Newbery, like Wilson-Trudeau, also walked away from the workshop with a 100 per cent bursary to continue her screenwriting journey with Toronto Film School. Her winning short script, entitled Tuesday Flowers, is about a talented young singer-songwriter who finds a mysterious phone number left in her guitar case after a gig, and the charismatic barista who gives her the courage to make a call that will change her life.
Aussant and Laduceur praised Newbery’s piece for the originality of its voice, and its “fresh and relevant” characters.
“We were just impressed with you and your script right from the beginning. We think you have an original voice and just really good instincts,” Aussant told Newbery, noting that he and Laduceur were also impressed with how she reacted to feedback and incorporated some of those suggestions into her rewrites.
“We like how you handled yourself that first day and the following Saturday. And, bottom line, we just loved your story. We absolutely loved your story.”
Also on-hand during Wilson-Trudeau and Newbery’s bursary announcements was CION’s Film Programs & Reporting Supervisor, Rob Riselli, who offered his congratulations to both award recipients.

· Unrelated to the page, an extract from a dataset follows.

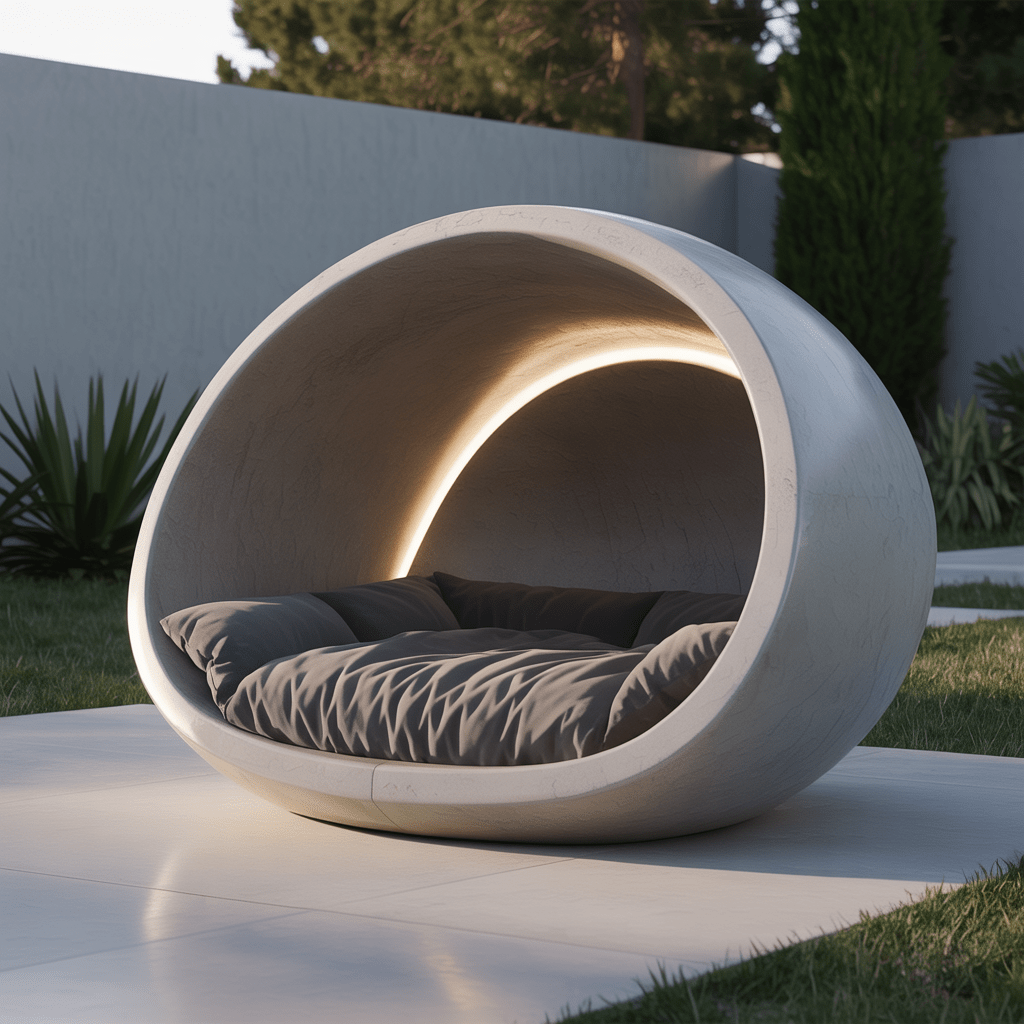 Use lightweight concrete or fiber cement to create a low, curved shell. Inside, place a memory-foam cushion wrapped in waterproof fabric.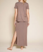 Indulge in sustainable fashion with our Long Bamboo Skirt. Crafted from eco-friendly materials, this skirt features a side slit detail and functional pockets for convenience. The elastic waist ensures a comfortable, stylish fit. Elevate your wardrobe with this elegant and environmentally-conscious piece.

“It’s one of our roles to help develop northern talent and folks like yourselves,” he told them, noting that, as a non-profit cultural organization, CION is dedicated to fostering and promoting the film, television, and creative media industries in Northern Ontario, as well as providing educational programming to cultivate the advancement of Northern Ontario’s emerging talent.
“CION will be here with you the rest of the way to help you develop not only this script – because we want you to shoot this thing in Northern Ontario – but future projects, too.”

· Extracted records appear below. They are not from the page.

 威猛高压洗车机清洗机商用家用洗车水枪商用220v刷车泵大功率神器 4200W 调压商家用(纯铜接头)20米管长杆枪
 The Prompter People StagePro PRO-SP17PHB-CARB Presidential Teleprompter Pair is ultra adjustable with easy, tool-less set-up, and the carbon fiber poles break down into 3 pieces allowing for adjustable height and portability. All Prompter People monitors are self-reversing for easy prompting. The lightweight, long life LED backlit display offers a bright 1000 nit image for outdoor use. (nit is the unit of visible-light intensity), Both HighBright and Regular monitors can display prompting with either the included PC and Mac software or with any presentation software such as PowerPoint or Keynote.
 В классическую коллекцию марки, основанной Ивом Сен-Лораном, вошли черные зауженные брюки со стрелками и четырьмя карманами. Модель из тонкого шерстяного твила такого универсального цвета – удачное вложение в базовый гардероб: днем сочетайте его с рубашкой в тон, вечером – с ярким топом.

That last bit of news was warmly welcomed by Wilson-Trudeau, who admitted she’s excited to learn more about screenwriting at Toronto Film School and with CION’s support, because she has plenty more stories beyondLOST that she wants to share with the world.
“I have about 10 of them. All I do is write. I even have one that I want Johnny Depp to be in,” she laughed.
“I’m flabbergasted right now. Thank you so much. I’m so excited!”
Marty Wilson-Trudeau is a member of M’Chigeeng First Nation, which is located on Manitoulin Island. She lives and works in Sudbury, where she is a drama/art teacher at St. Charles College. Wilson-Trudeau is a mother to two wonderful boys and a fur mom to a household of animals. She has always loved to write everything from short stories, to fiction, to scripts.
Lindrena Newbery is a Grade 12 French Immersion student from Sault Ste. Marie, Ontario. Some of her highlights while at school have been playing saxophone in the school band, taking electronic music and sharpening her storytelling skills in writer’s craft. She also participated in Envirothon for four years, competing in local environmental competitions. Musical theatre has also played a significant part in school life. Productions include Mamma Mia and Willy Wonka.
Outside of school, Lindrena is a singer-songwriter, who hopes to finish recording her material soon. She plays various instruments, including guitar and piano. She enjoys performing at local cafés and events. Her passion for social justice led her to take a dual credit course with Algoma University in social justice and equity in the summer of 2020. Lindrena also enjoys spending time outside, hiking and kayaking along Lake Superior, always with her camera ready to capture the beautiful scenery of Northern Ontario.
She is currently employed at Kumon, where she helps students improve their math and reading skills. Prior to COVID-19 restrictions, Lindrena worked as a sound and lighting technician for various concerts and events. She is excited to explore Toronto and looks forward to her time at Toronto Film School.